Coldworking small castings, Part I
February 22, 2012 by Cynthia
Q: Is there a better (faster, cheaper) way to coldwork small glass sculptures?
A: Yep
A BeCon or two ago, Richard Whiteley, head of the Canberra glass school, said that glasswork fresh from the kiln was only half finished; coldwork was necessary to take it the rest of the way.
Ouch.
I happen to agree, but as much as I love HAVING coldworked, I hate DOING coldwork and seem to be on a neverending quest to avoid it. Right now I’m testing a bunch of machines to see if they can automate the finishing process for small cast glass sculptures, like pendants.
Background: I cast sculpted pendants that–in the glassland market–sell very well around the $75-100 level.

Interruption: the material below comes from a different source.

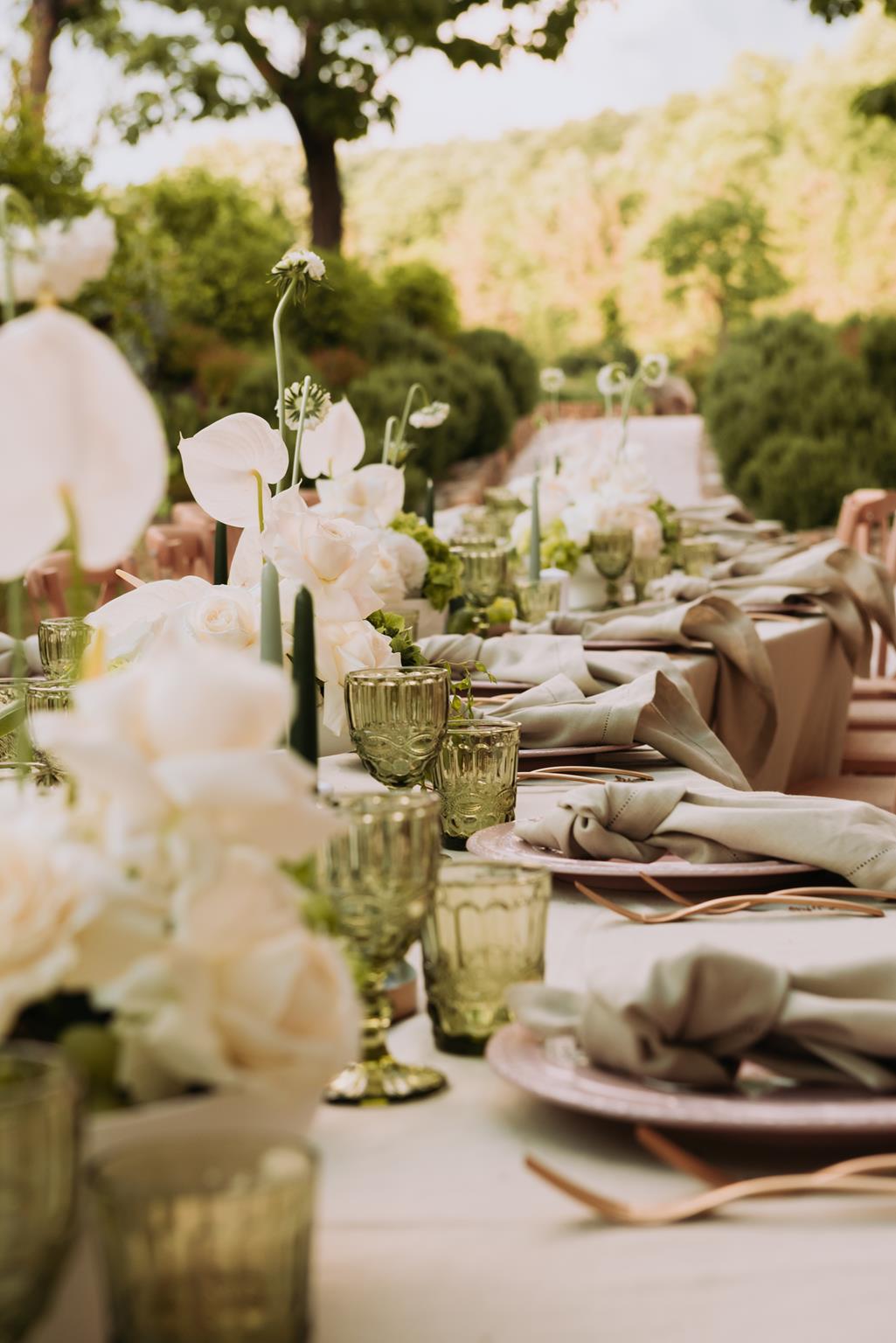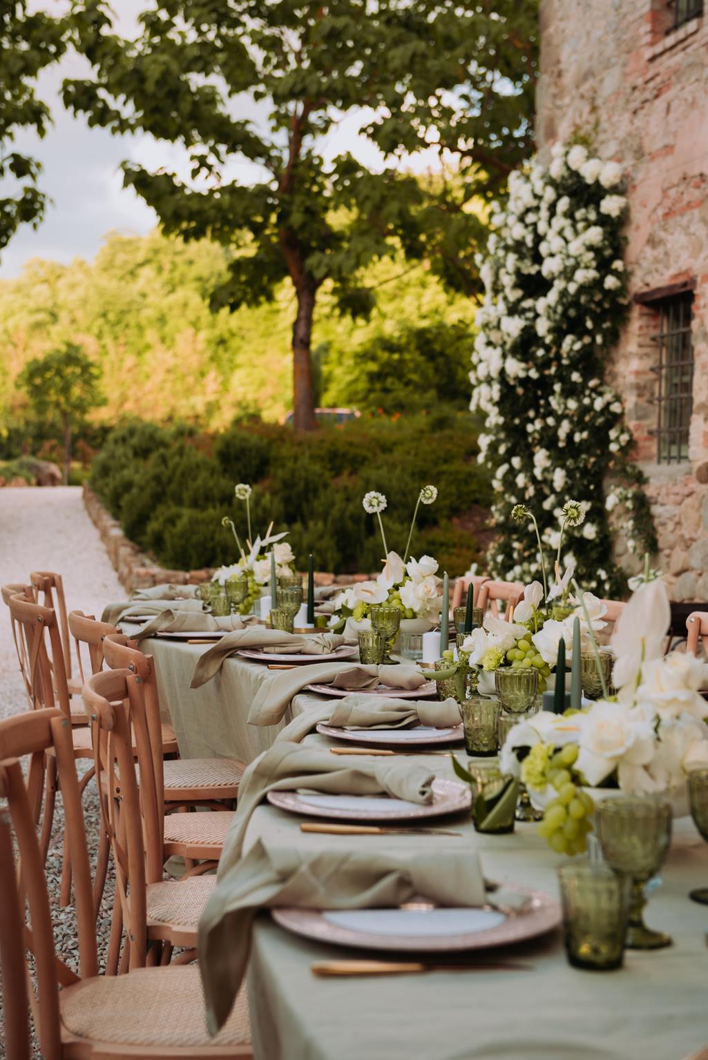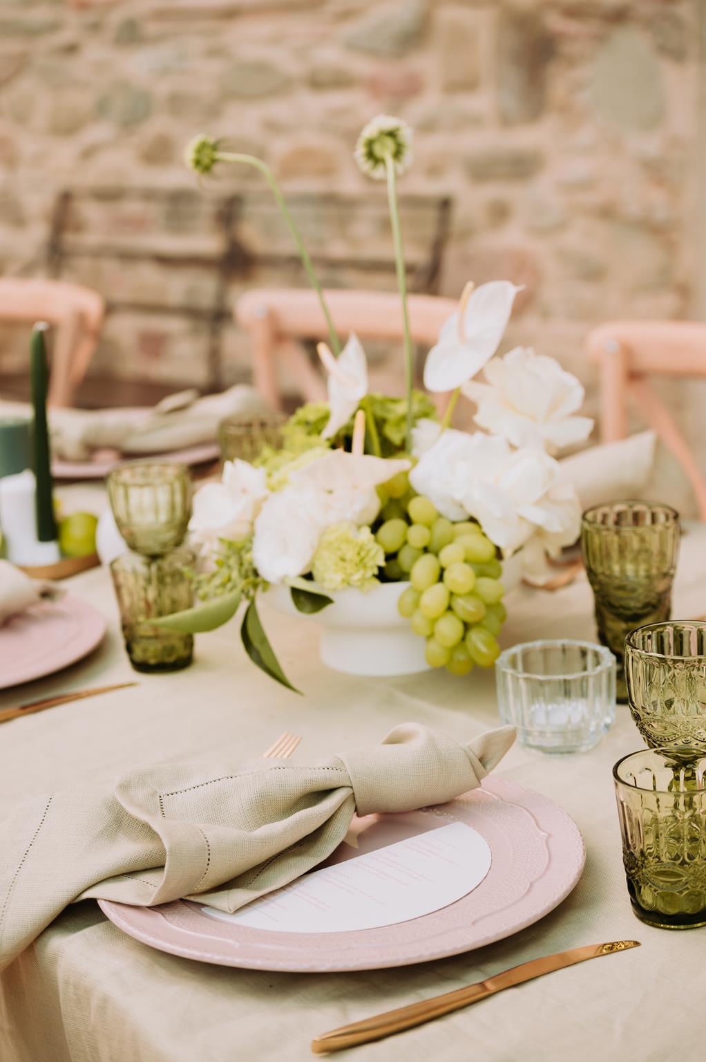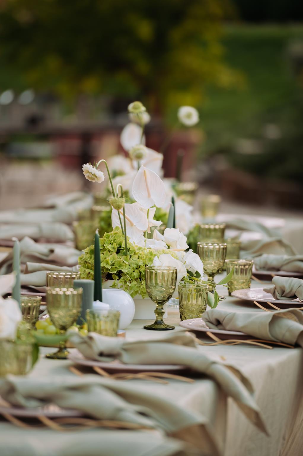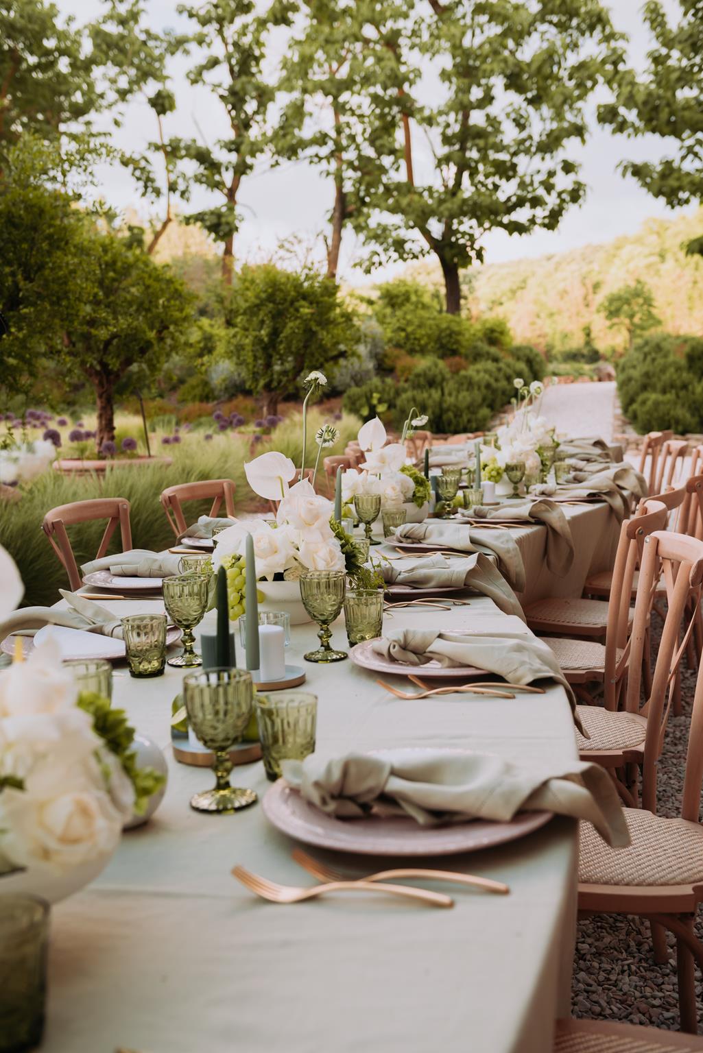 Nella magica cornice di Vocabolo Moscatelli, nel cuore dell’Umbria, questo shooting celebra l’eleganza della semplicità e il fascino della natura. La lunga tavola imperiale allestita all’aperto, tra pietra antica e giardini fioriti, si veste di tonalità delicate — verde salvia, blush e avorio — arricchite da fiori bianchi, uva fresca e vetri verde acqua. Un’atmosfera intima e raffinata, ispirata alla bellezza autentica della campagna umbra, perfetta per gli sposi che desiderano un matrimonio romantico, naturale e senza tempo

My supplies, glass and overhead runs about $15-20 per pendant, pretty much a fixed cost.
Making the wax, building the mold and setting it up with glass in the kiln for firing, steaming out and demolding the finished casting–averages out to maybe 2-3 hours per successful casting.* Even at $10/hour–pretty cheap, considering the skills involved–my cost is maybe $45 per pendant before coldwork.
Each one requires about 6-8 hours of coldwork so they sure as heck don’t MAKE money–at $10/hour, anywhere from 5 to 50 bucks is walking out the door with each casting, and that’s the kind of thing you don’t exactly make up on volume.
So, I examined my options:
- Give them away as presents (my current solution, DO NOT ASK me to explain the logic)
- Sell them somewhere else for more money
- Find ways to streamline production and reduce my costs
- Make something else and forget about the stupid pendants
I’m working on #2. In the meantime, I’d rather not spend hours in cutting, polishing and grinding these things only to lose money on them, so I’m focusing on #3: Find a way to streamline production and reduce my costs.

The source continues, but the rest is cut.